_The problem_. Without the images, write out the entries word for word.

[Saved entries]
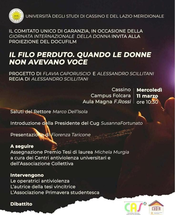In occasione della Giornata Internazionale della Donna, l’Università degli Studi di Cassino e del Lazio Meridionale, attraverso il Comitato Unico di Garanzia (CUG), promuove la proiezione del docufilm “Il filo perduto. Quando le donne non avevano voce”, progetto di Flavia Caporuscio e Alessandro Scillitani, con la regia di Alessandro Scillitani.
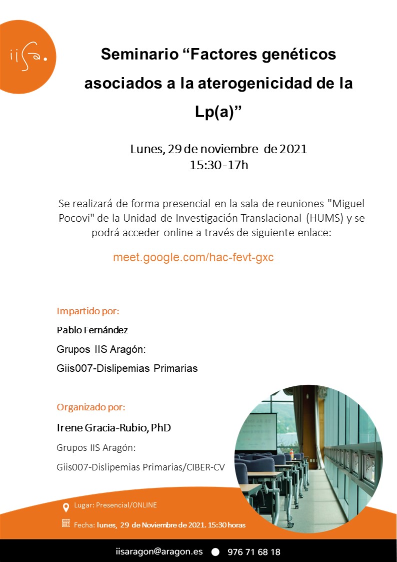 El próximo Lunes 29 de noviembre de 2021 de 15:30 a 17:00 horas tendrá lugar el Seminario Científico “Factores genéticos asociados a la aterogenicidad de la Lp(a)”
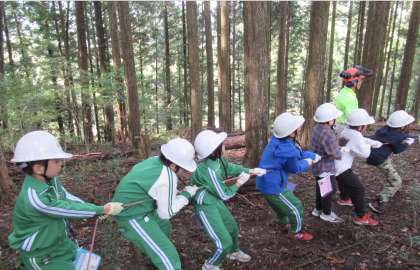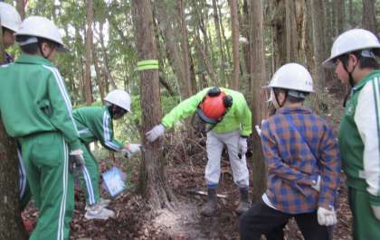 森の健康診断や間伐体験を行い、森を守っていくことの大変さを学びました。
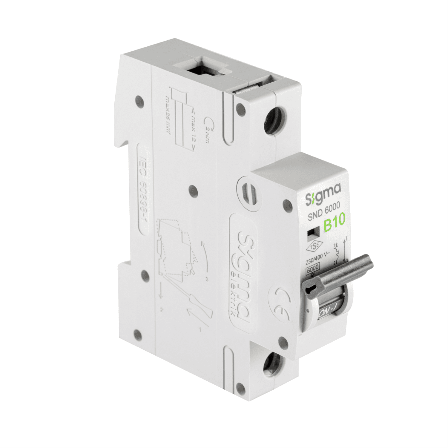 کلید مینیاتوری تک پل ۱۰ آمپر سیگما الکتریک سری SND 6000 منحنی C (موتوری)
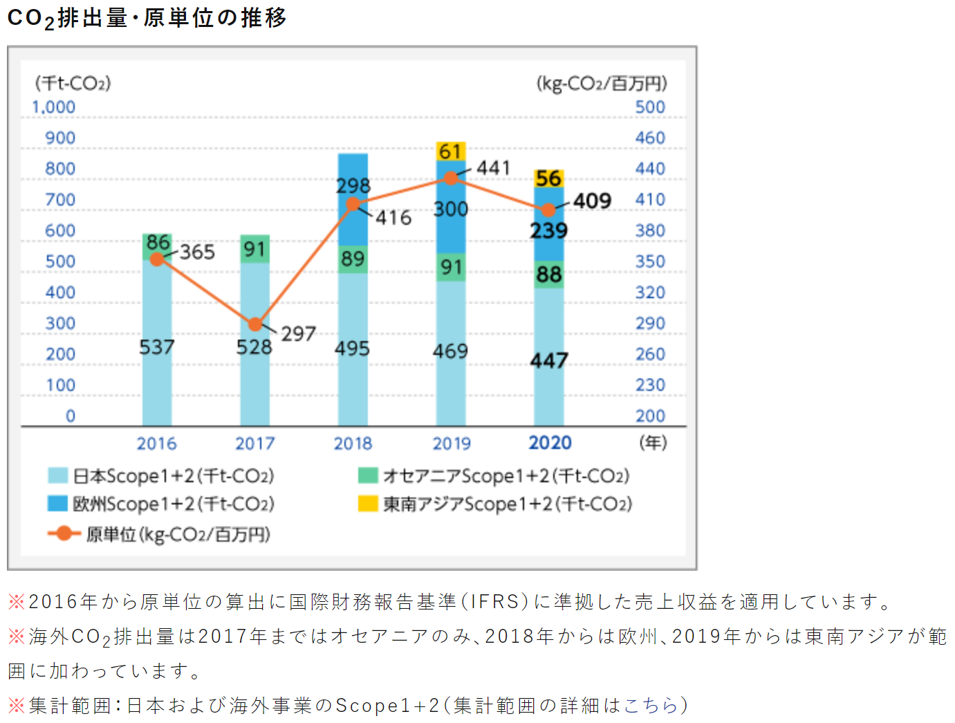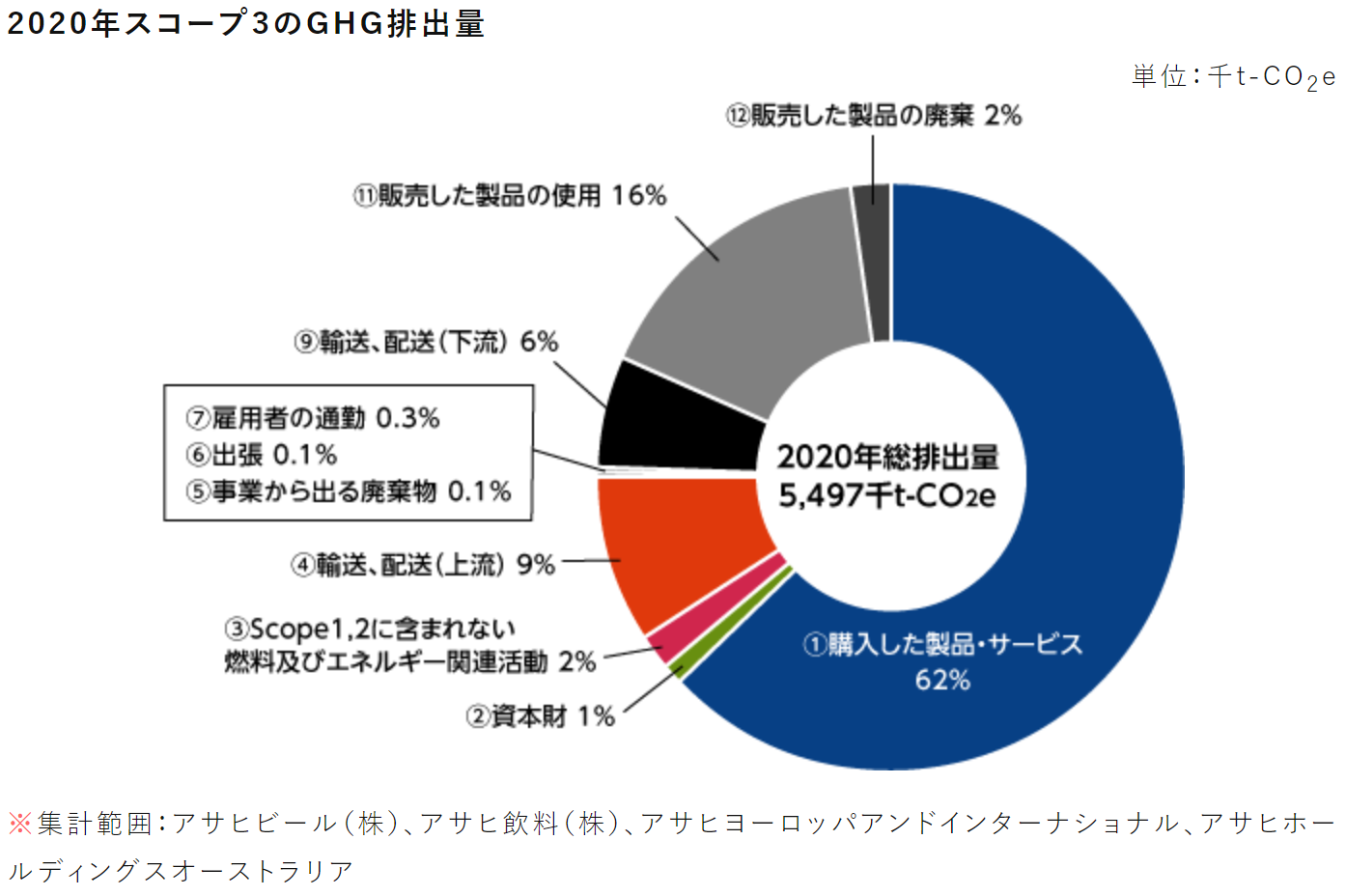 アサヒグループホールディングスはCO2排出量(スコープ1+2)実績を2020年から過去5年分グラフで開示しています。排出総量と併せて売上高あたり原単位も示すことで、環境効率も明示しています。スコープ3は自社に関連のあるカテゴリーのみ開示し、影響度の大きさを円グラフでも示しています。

_Response below_.
In occasione della Giornata Internazionale della Donna, l’Università degli Studi di Cassino e del Lazio Meridionale, attraverso il Comitato Unico di Garanzia (CUG), promuove la proiezione del docufilm “Il filo perduto. Quando le donne non avevano voce”, progetto di Flavia Caporuscio e Alessandro Scillitani, con la regia di Alessandro Scillitani.
 El próximo Lunes 29 de noviembre de 2021 de 15:30 a 17:00 horas tendrá lugar el Seminario Científico “Factores genéticos asociados a la aterogenicidad de la Lp(a)”
 森の健康診断や間伐体験を行い、森を守っていくことの大変さを学びました。
 کلید مینیاتوری تک پل ۱۰ آمپر سیگما الکتریک سری SND 6000 منحنی C (موتوری)
 アサヒグループホールディングスはCO2排出量(スコープ1+2)実績を2020年から過去5年分グラフで開示しています。排出総量と併せて売上高あたり原単位も示すことで、環境効率も明示しています。スコープ3は自社に関連のあるカテゴリーのみ開示し、影響度の大きさを円グラフでも示しています。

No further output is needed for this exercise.